In summary, argon is extremely safe to handle under normal conditions. Precautions focus on asphyxiation risk (proper ventilation, no enclosed spaces filled with argon) and handling the liquid under cryogenic safety protocols (protective equipment for low temperatures, pressure relief on vessels). Otherwise, argon is not corrosive and does not cause burns or chemical damage.

Argon was discovered in 1894 by Lord Rayleigh (John William Strutt) and Sir William Ramsay in London. They found that nitrogen gas extracted from air was about 0.5% denser than nitrogen from chemical compounds, indicating another heavier gas present in air. By removing oxygen and nitrogen from air, they isolated this residual gas. Analysis of its spectrum showed new lines, confirming a new element. Ramsay and Lord Rayleigh announced the discovery of the first “noble gas” on Earth (helium had been observed spectroscopically in the Sun’s spectrum earlier, but this was the first isolation from terrestrial sources).

The name “argon” was proposed by physicist Ernest Rutherford (and adopted by others) from the Greek word ἄργον (argos), meaning “inactive” or “lazy,” a reference to the element’s chemical inertness. Lord Rayleigh and Ramsay thus named the gas argon (Rayleigh later said it was also essentially inert in cost of doing nothing). The Greek root *argos is cognate with “argue,” but in this context it meant “idle.”

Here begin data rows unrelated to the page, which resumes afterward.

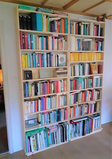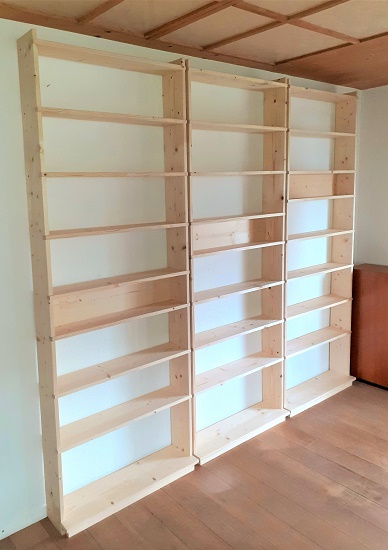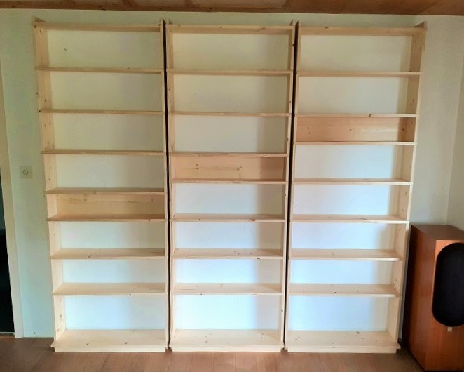 Büchergestell Tablare nicht zu tief, Abstand der Tablare nicht zu gross, leicht und trotzdem stabil, ein Gestell für Bücher halt. |
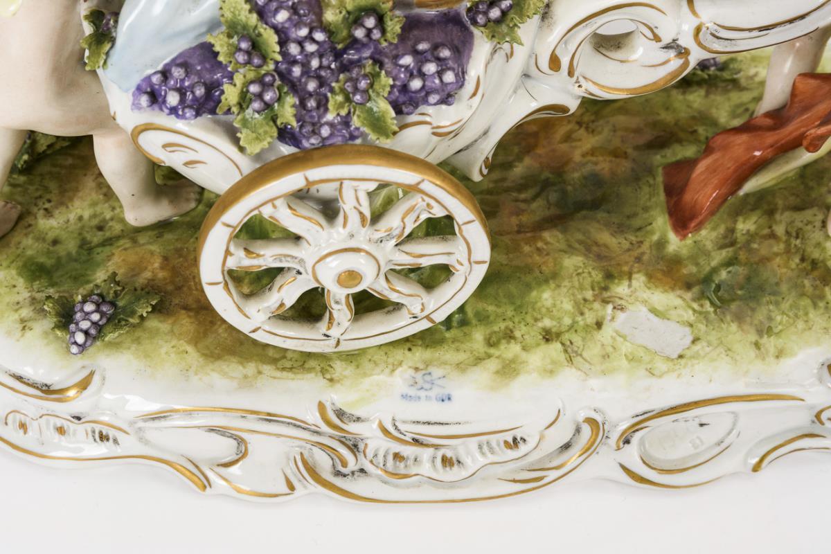 Polychrome painted, gold decorated. H 22 cm, L 28 cm.
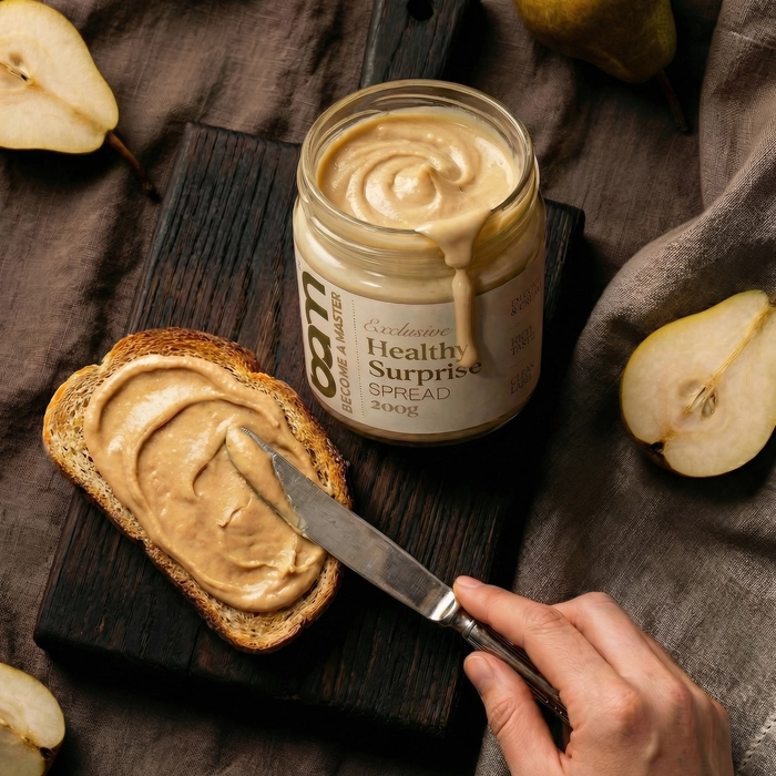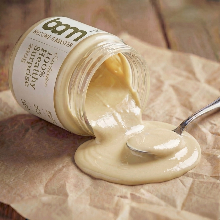 Tokrat smo skrili enega izmed tistih BAM artiklov, brez katerega si aktivnega dneva skoraj ne moremo predstavljati. Ta izdelek je prava izbira za vse, ki obožujete kremne teksture, polne naravnih beljakovin in zdravih maščob, ki ti dajo zagon takrat, ko ga najbolj potrebuješ. Naše zdravo darilo presenečenja je nepogrešljiv spremljevalec pri pripravi fit obrokov. Odlično se odreže kot bogat dodatek v jutranji ovseni kaši, kot energijski namaz na polnozrnatem toastu ali pa kot ključna sestavina v tvojih domačih beljakovinskih ploščicah, v jedeh tujih kuhinj, odličen pa je tudi na žlico. Svojo puhasto teksturo in značilen okus pa posodi tudi fit sladicam, kjer se odlično poveže s sadnimi prelivi presenečenja ali plastjo temne čokolade. Že veš, katero naravno hranilno poslastico smo skrili v paketek presenečenja?

Argon’s discovery had interesting antecedents: in 1785, chemist Henry Cavendish had decomposed water to make “fixed air” (nitrogen) and noted that there might be a small inert component, but his results were forgotten. Rayleigh’s critical insight came around 1892–1894 when he carefully measured gas densities. In June 1894, Rayleigh sent a sample of what he thought was nitrogen to William Ramsay, who confirmed it was a new element. The formal announcement was made in August 1894.

Following its discovery, argon quickly found uses: Thomas Edison in 1896 patented a process of using argon to fill incandescent light bulbs (to protect the filament and improve efficiency). Carbide and Welsbach used argon in metal filament lamps. Throughout the 20th century, argon’s market grew with the development of new technologies requiring inert environments. In 1960, Mao and Bell demonstrated the emplacement of argon as excited gas, leading to argon-ion lasers. In recent decades, the use of argon in scientific instruments (ICP-MS, lasers) and particle detectors has become important.

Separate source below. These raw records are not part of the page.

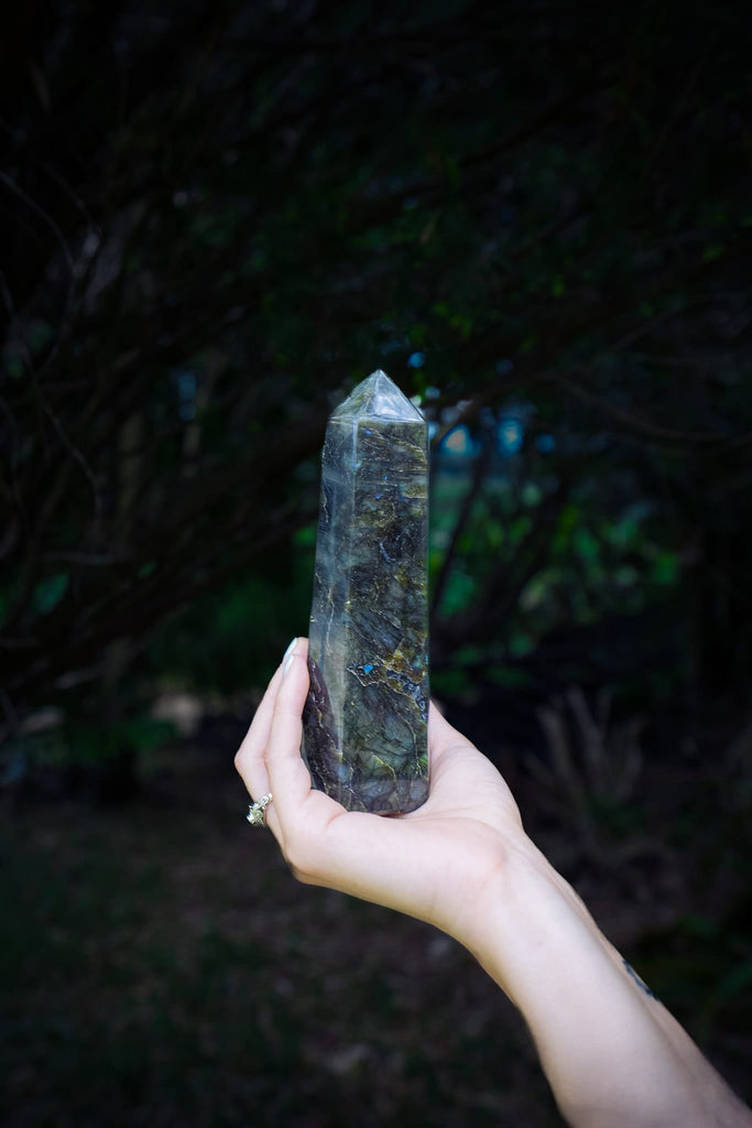 This glorious Labradorite Prism has been meticulously polished and faceted. It features labradorescence; light refracting magical flashes of an entire rainbow of colours. Labradorite is said to cast a protective shield around one’s Aura to protect against negativity and is known as a stone of transformation, enhancing strength of will and inner worth. A truly majestic crystal to be placed in a light-filled space for an alluring protective presence or for practical healing work and meditation.
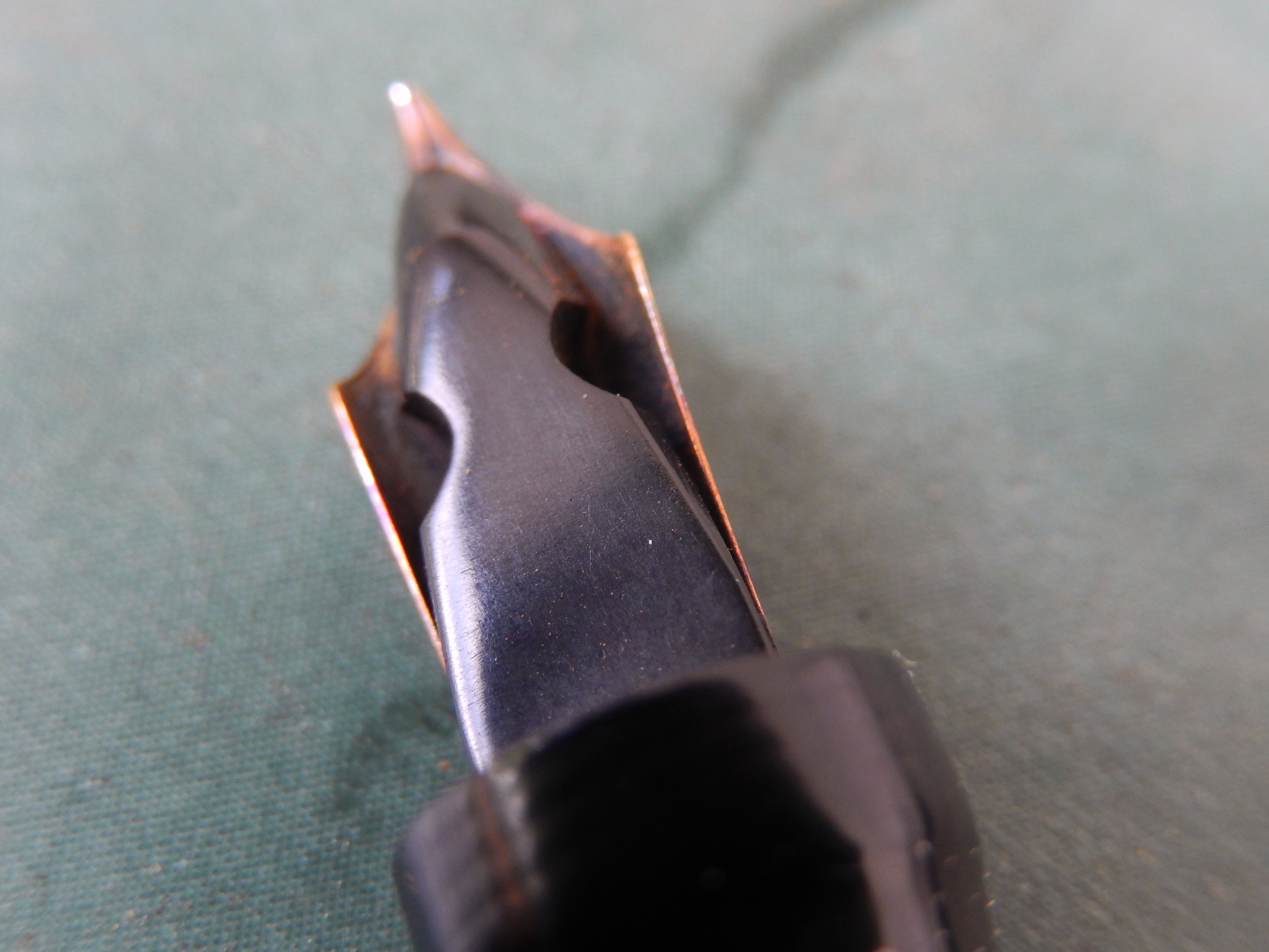 Il pennino, con il foro a forma di crescent moon ( nella Nozac diverrà tondo) porta inciso "Conklin Endura". Della Endura flat top, che dal 1924 era stato il modello principe della casa, la SymetriK non mantiene molto e l'averne conservato il nome fu probabilmente un modo per ricollegarsi nell'immaginario del cliente al successo del modello precedente. Oltre infatti chiaramente alla linea cambia
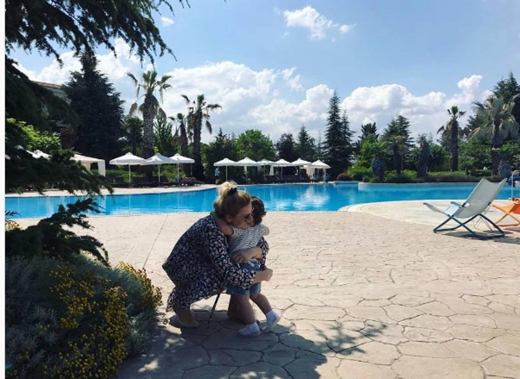 Si diçiturë të fotografisë shkruan, “Jetoj për përqafimin tënd. E shtrenjta ime, mami e lumtur”.
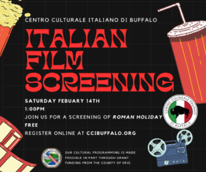 Home Events - Centro Culturale Italiano di Buffalo Italian Film Screening | New Date 2/14 at 1PM Italian Film Screening | New Date 2/14 at 1PM Register Now Date Feb 14 2026 Time 1:00 pm - 3:00 pm Location Centro Culturale Italiano di Buffalo 2351 Delaware Ave

Potassium–argon dating (developed in the mid-20th century) used argon isotopes to date volcanic rocks; this was a milestone in geology. The first dating of a rock by the K–Ar method (1948) was done by George Tilton and William Dalrymple.

As for etymology: the symbol Ar derives from “argon.” The element has no alternative name in English; related languages use similar forms (e.g. German Argon, French argon). The adjective is “argonaceous” (rarely used).

Over time, argon’s image as a “lazy” or “noble” gas has remained apt: it is remarkably unaffected by changes in chemistry or environment.